At the same time, Senate Democrats have blocked action on a new Defense Department appropriations bill in a dispute with a House Republican accounting gimmick that would add $18 billion to the spending legislation.
For now, both sides are engaging in finger-pointing and seem unwilling to back down. “When they were in the majority, they didn’t want to pass appropriations bills. When they were in the minority, they don’t want to pass appropriations bills,” Senate Majority Leader Mitch McConnell (R-KY) complained about the Democrats. “I gave it every opportunity this year to succeed. We have spent weeks and weeks and weeks trying to get a regular order of process on appropriations through the Senate.”
Things are no better across the Capitol, where the House approved a $32 billion Interior spending bill for fiscal 2017 Thursday afternoon that Obama already has vowed to veto. The bill, approved 231 to 196, includes a raft of measures to roll back the administration’s clean air and clean water regulations, according to the Associated Press.
Ironically, this was supposed to be a relatively easy, just-follow-the-dots kind of budget season. Late last year, Congress and the president struck a two-year, bipartisan budget deal providing for $1.07 trillion annually in discretionary programs other than entitlements and interest on the debt.
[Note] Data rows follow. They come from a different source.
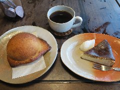 「夜麦」のコーヒーとチーズケーキと味噌パン (味噌パンは焼き立てでした) |
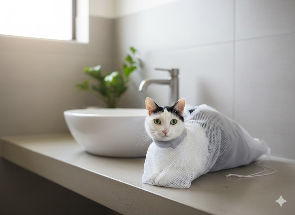 The Bath Sack™ is an essential grooming tool designed for both pet owners and professional groomers. We know that bathing an unruly cat can be a challenge; The Bath Sack™ transforms a stressful task into a controlled, simple process. Featuring a quick-close hook-and-loop collar that adjusts to any neck size and a secure rear drawstring, it ensures your pet stays safe and snugly contained throughout their bath.
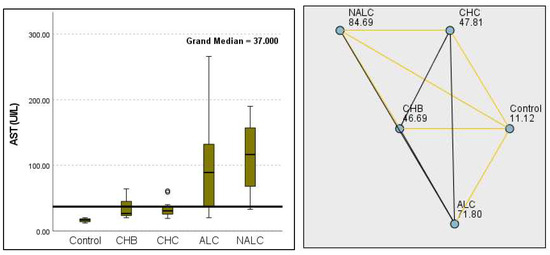 Comparison of median of aspartate aminotransferase (AST UI/L) levels across control, CHB, CHC, ALC, and NALC groups using Kruskal–Wallis analysis of variance (ANOVA; p < 0.05 (right)), followed by the pairwise-comparison post hoc tests (left). The cut-off line is set as the median reference.
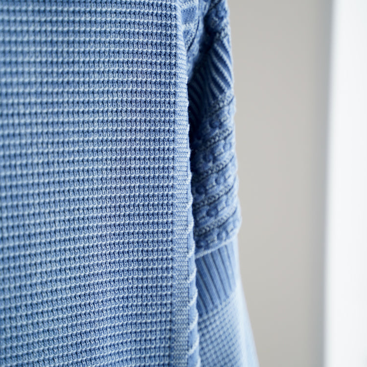 身頃脇の丸みのあるケーブル編みでもこもことしたひつじ雲を、身頃中央と袖のワッフル編みで稲刈りが終わった秋の田んぼを表しております。
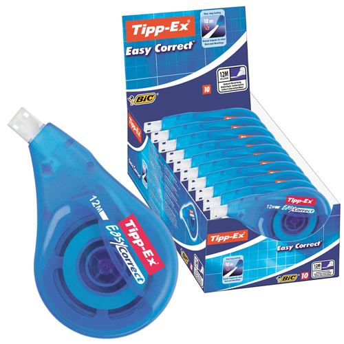 Cinta correctora TIPP-EX Easy Correct. Correcció lateral. Carcassa de plàstic. Mida 4,2 mm x 12 m. Pack de 10 cintes. − Aplicació precisa gràcies al capçal flexible que s'adapta al moviment. − Es pot escriure directament sense esperar a que s'assequi. − Cinta resistent i de fàcil aplicació amb el seu capçal lateral.
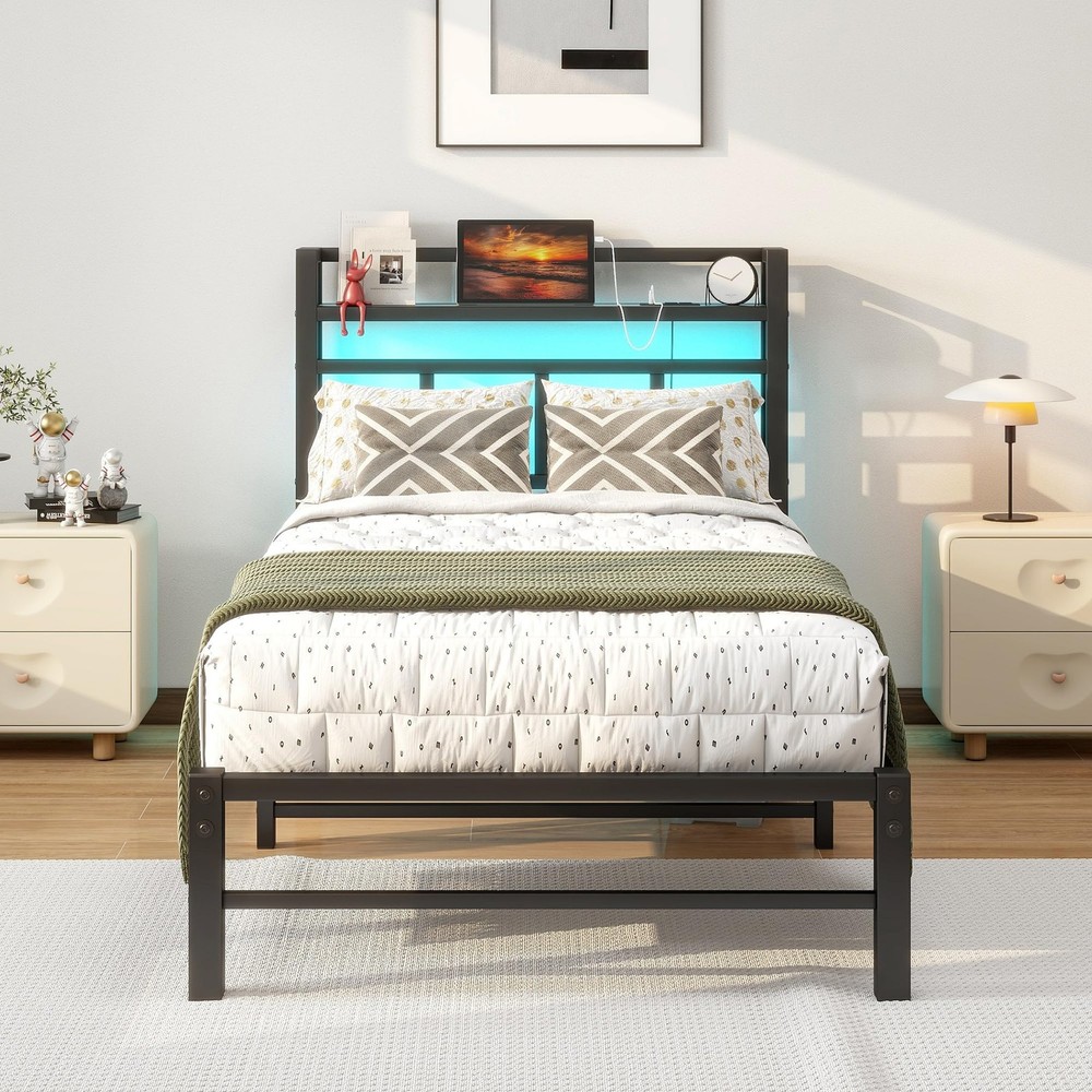 Single Bed Frame with Storage Headboard,Twin Bed Frame with Charging Station and Lights Package contains: 1 x Bed Frame 1 x Charging Station 1 x Lights 1 x Enough Screws 1 x Instruction Manual 【Multi-functional Bed Frame:】The twin lights bed frame supports the headboard RGB lights, from gentle shimmer to party color, steady soft light to constant flashing color light. Multiple bed frame lighting modes create a wonderful ambiance to your liking and make the night colorful! 【Headboard Storage Shelves with Charging Station:】The black twin bed features convenient headboard shelves and charging station,which is easily charge your , , or other gadgets and offering easy access to essentials and extra space to showcase your favorite decor, such as phones, glasses, and books within easy reach. 【Sturdy Metal Slat Platform:】The single bed frame with headboard is made of high-quality metal and multiple legs for stability and durability; offer great mattress . No spring needed. 【Under-Bed Storage: 】Under thoughtfully designed of our metal bed frame,there is a 10.6-inch under-bed storage maximizes space, providing you maximize bedroom space and keep your room neat and tidy for belongings and effortlessly contributing to a neat and organized bedroom. 【Easy to assemble】The twin bed frame with storage comes flat-packed in for easy home assembly.All parts with clearly label,easy to assemble with very clear instructions for installation.the manual for standing towel rack for quick installation. 【Worry 】 Our bed frame come with worry-after-sales with parts. If you have any questions, please feel to ,we will reply to you within 24 hours.
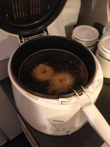 Deje caer las manzanas maltratadas en la freidora durante unos 3 minutos o hasta marrón y crujiente.
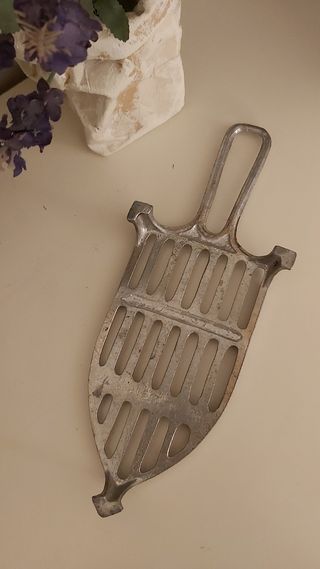 Antigua reposa plancha de metal plateado de principios del S. XX. Servía para el descanso de la plancha de carbón y no quemar la ropa. Tiene las típicas señales del paso del tiempo y el uso. Medidas: Largo: 27 cm. Ancho: 11 cm. (de patita a patita). Una bonita pieza vintage para decoración.
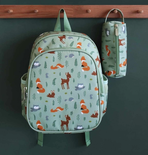 Spacieux sac à dos vert menthe avec motif d’animaux de la forêt, idéal pour la maternelle et les excursions. Il offre une grande compartimentation principale, une poche avant isotherme pour le goûter, des poches latérales pour bouteille et des bretelles rembourrées avec sangle de poitrine pour un port confortable et sûr.
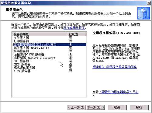 選擇“添加或刪除”角色,在“配置服務器”向導中可以看到一系列可配置的服務器角色,其中就有“應用程序服務器(IIS,ASP.NET)”選項,如圖二,選中該選項之后點擊“下一步”,向導提供了是否安裝ASP.NET和Microsoft FrontPage服務器擴展的選項。可以看到,微軟在這里采用了一種新型的“安裝任何部件之前總是
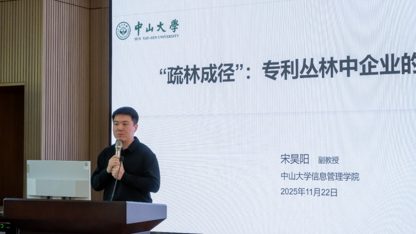 报告五由18禁直播 副教授宋昊阳主讲,题为《“疏林成径”:专利丛林中企业的技术创新》。宋昊阳老师聚焦于“专利丛林”现象,探讨企业在面对密集专利环境时的创新策略。研究发现,为减少外部依赖,企业更偏好通过内部研发来降低技术相似性与互补性。报告进一步讨论了规模较小或技术基础较弱的企业在专利丛林中的生存之道,呼吁探索更具实操性的应对方向。深圳大学吴登生教授在与谈中肯定了课题的落地价值,指出这为企业在技术锁定困境下寻求知识创新路径提供了理论支撑。
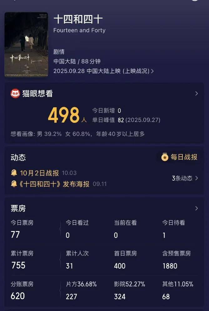 不过,这些大片哪怕是扑街了,也都是轰轰烈烈,伴随着口碑和争议的,但是有一部电影,扑街了都是悄无声息的,那就是电影《十四和四十》。
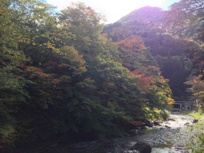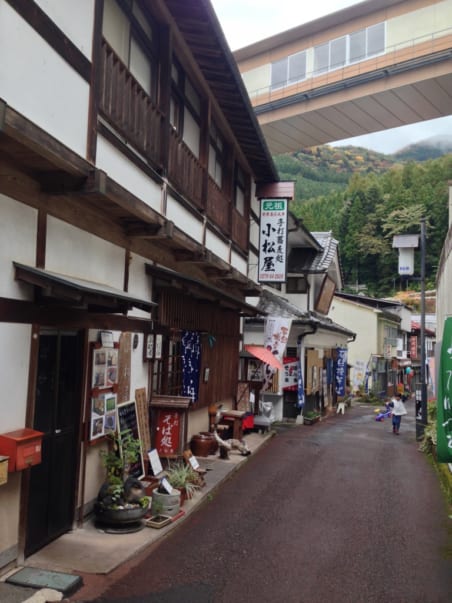 From Sekizenkan, follow the winding narrow street opposite. There’s a cluster of earthy restaurants and an old-fashioned games parlour here: the latter is particularly recommended for playing a fun game of pinball (don’t worry, this one isn’t gambling). You’ll eventually cross a bridge and be on the Shima Highway. Follow the road upstream. Urban gives way to rural, and your walk takes you through some stunning valley scenery. Stop by the free open air foot bath on the way to rest and soak in your surroundings.
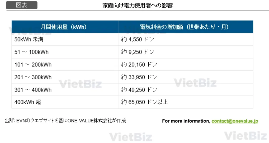 世帯の電力使用量に応じて月々の負担額は増加するが、その影響は限定的であり、月100kWh未満の使用では約1万ドン以下の負担増にとどまる。政府は貧困世帯や社会的扶助対象世帯に対し、最大30kWh分の補助を継続しており、低所得層の負担は最小限に抑えられている。
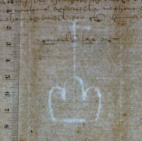 Tipo de filigrana: Sencilla Parte estudiada: Toda la filigrana Código del Motivo: H.01.02.00 Descripción: Montaña de tres picos. Encima una cruz Estructura: Tradicional de líneas Altura (mm): 66 Anchura (mm): 32 Tipo de papel: Verjurado Posición en la hoja: Izquierda centro Nº de corondeles en la hoja: 12 Distancia entre corondeles: 32-38-36-(27)-(27)-37-37-37-35-36-37-35-34 Situada entre el corondel 3 y el corondel 5 Posición en relación al texto: Perpendicular al texto hacia arriba Origen de los datos: Datos obtenidos del original País de localizatión del molino: Italia Autor de los datos de este registro: María Dolores Díaz de Miranda Macías Estado de la hoja: Cortados todos los bordes Altura de la hoja: 296 Anchura de la hoja: 448 Color de la hoja: Natural Estado de conservación: Restaurado (Datos tomados antes de restaurar) Institución: Arxiu del Monestir de Sant Joan de les Abadesses
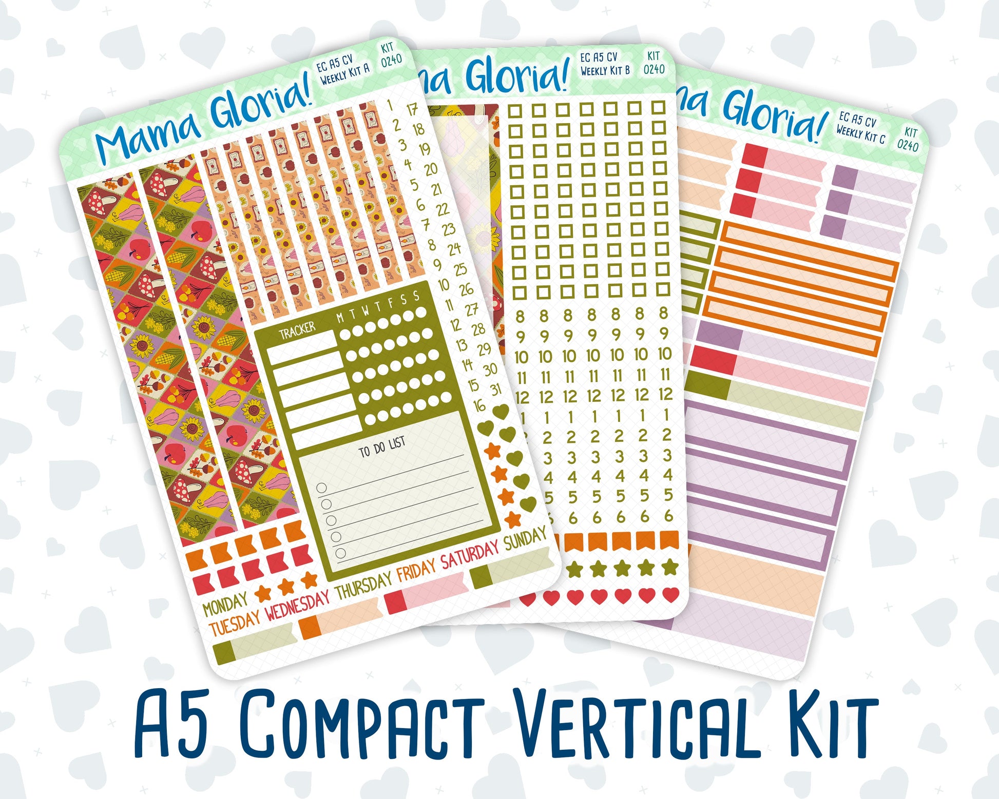 This kit is specifically designed for the Erin Condren A5 Compact Vertical planner. It also fits well with other A5 notebooks with lined, graph, or dot grid pages that have a free layout.
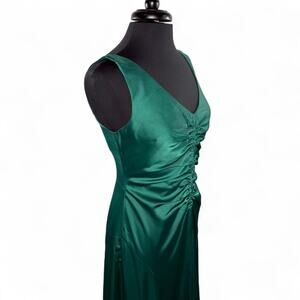 New without tags. This Maggy London sleeveless midi dress in a stunning emerald green satin is effortlessly elegant. Features a ruched front for a flattering silhouette and a bias-cut skirt for beautiful movement. Perfect for wedding guests, cocktail parties, holiday events, or any occasion where you want to turn heads.
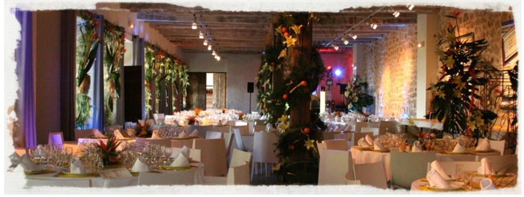 “On y va!” said Patrick and Jocelyne, and we followed them into the huge dining hall of the Magnanerie. Inside, twinkle lights sparkled on the medieval timbers, and mellow stone walls hung with mistletoe, pine boughs, and ornaments. It was the perfect place to make merry on an evening named in honor of a Pope who’d died around two thousand years ago.
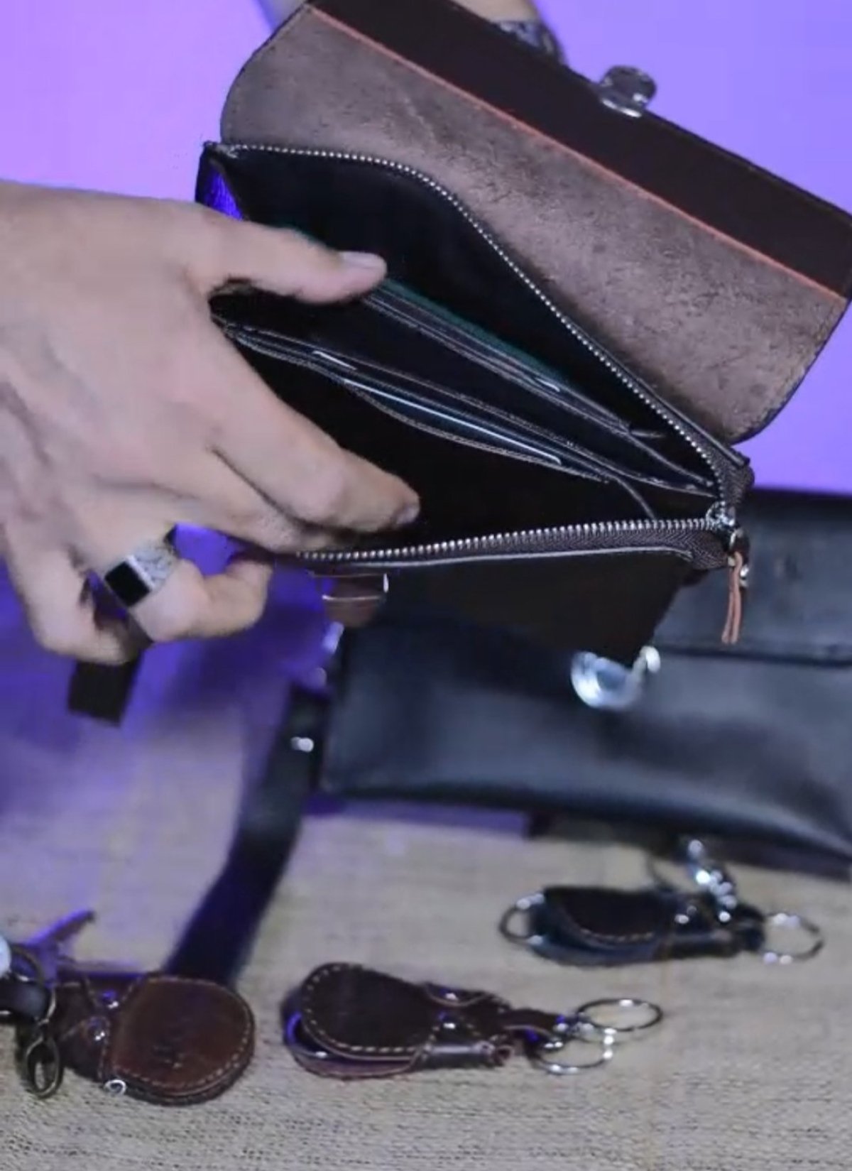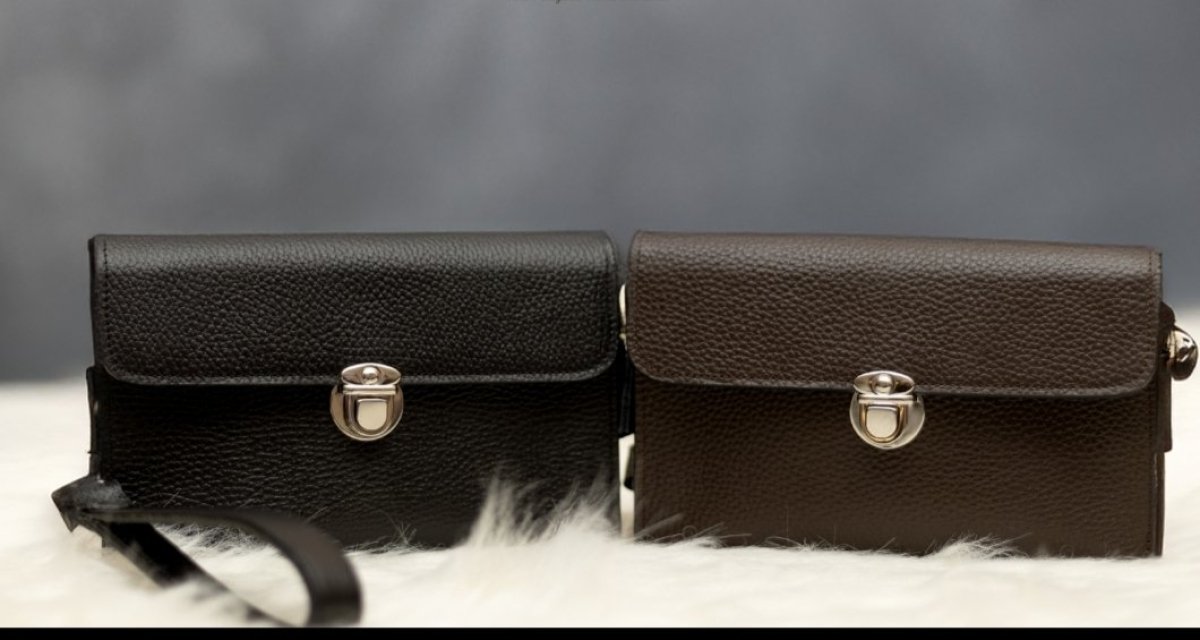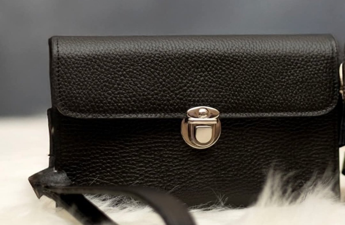 hand bag Genuine cowhide leather Size 20*14 Side and back hand Black and brown colours 3 large pockets and 4 card pockets that can accommodate more than 15 cards Internal zipper
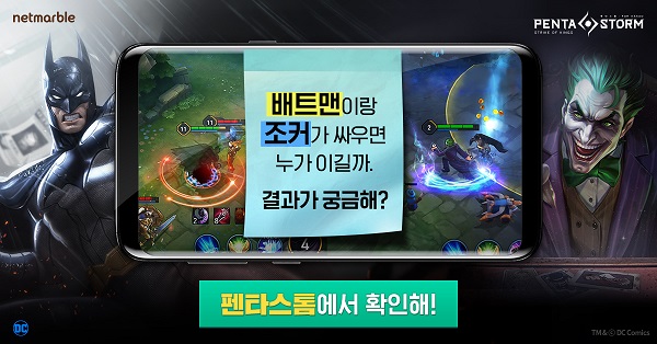 [뉴스비전e 장연우 기자] 넷마블게임즈(이하 넷마블, 대표 권영식)는 모바일 MOBA ‘펜타스톰 for kakao(이하 펜타스톰)’가 DC코믹스의 대표 영웅 ‘배트맨’을 포함해 현재까지 게임 내 총 39종의 영웅을 공개했다고 9일 밝혔다.
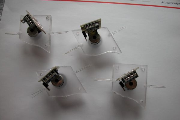 Erst mal in die Plexiteile 5mm Löcher gebohrt, um jeweils 2 Leds zu verkleben. Mit der Form hat es auch was auf sich. Nur so konnte ich die 4 Teile verschrauben. Die Teile haben jeweils 2 oder 3 M5 Gewinde drin.
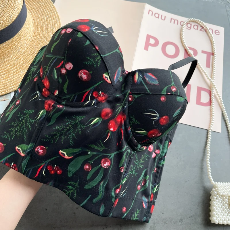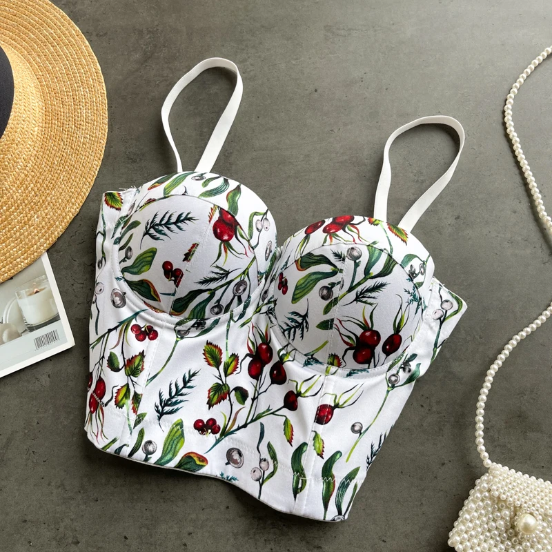 Женский топ без рукавов с принтом, короткий корсет-бюстье R835
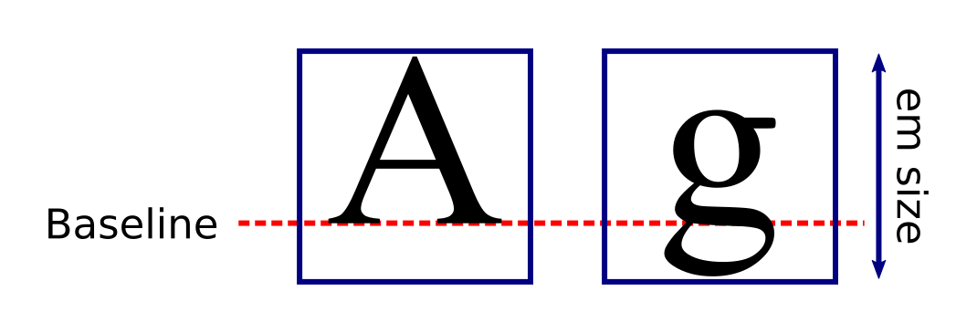 We can solve this by generalising the idea of the height, and instead defining a square that fits around most of the characters. It is called the em square, and the size of that square is the em size:
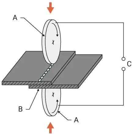用圆盘电极夹住焊接材,在旋转圆盘电极的同时通电,通过电阻加热,对焊接材进行连续接合的焊法。也被称为“搭接缝焊”。

As part of the deal that was negotiated by outgoing House Speaker John Boehner (R-OH), the two parties agreed to raise legally imposed spending caps on defense and domestic programs. In that way, the agreement would simultaneously appease Republican defense hawks who wanted more spending for the Pentagon and Democrats eager to protect spending for key social and economic programs.
Yet the House and Senate have yet to agree on even one of the dozen annual spending bills necessary to put that budget blue print into law. And lawmakers may be forced once again to roll essential spending into one, massive continuing resolution to keep the government operating beyond the start of a new fiscal year Oct. 1.
For Boehner’s successor House Speaker Paul Ryan (R-WI), the biggest challenge may be trying to draw his party’s staunch conservative wing in line to pass spending bills in keeping with the budget deal.
Leaders of the 40-member House Freedom Caucus, who were instrumental in forcing Boehner into an early retirement, are defying Ryan by demanding that Congress cut $30 billion off the topline of the trillion-dollar annual budget agreement. They blocked passage of the budget plan drafted by Ryan and House Budget Committee Chair Tom Price (R-GA) and vowed to oppose major spending bills unless they are trimmed back and offset by cuts in other programs.
"We want to help with the process, we want to have a budget [but] we want to have a budget that complies with what we promised the American people,” Rep. Raul Labrador (R-Idaho), a leader of the Freedom Caucus, said earlier this year, according to Politico. "The budget right now ... does not take into reality how the American people feel."
Unless Ryan can find a way to bring Labrador and other far-right Republicans on board, it will be almost impossible for him to pass major spending bills this fall, when there will be little time for extended negotiations and wrangling.
Ornstein said that the Freedom Caucus has begun to rebel against Ryan in a number of ways, including its latest efforts to force a House vote to impeach IRS Commissioner John Koskinen over the objections of Ryan and other House leaders.
“They don’t want to vote for any spending bills and they don’t like the budget deal that Boehner struck to help out Ryan,” Ornstein said.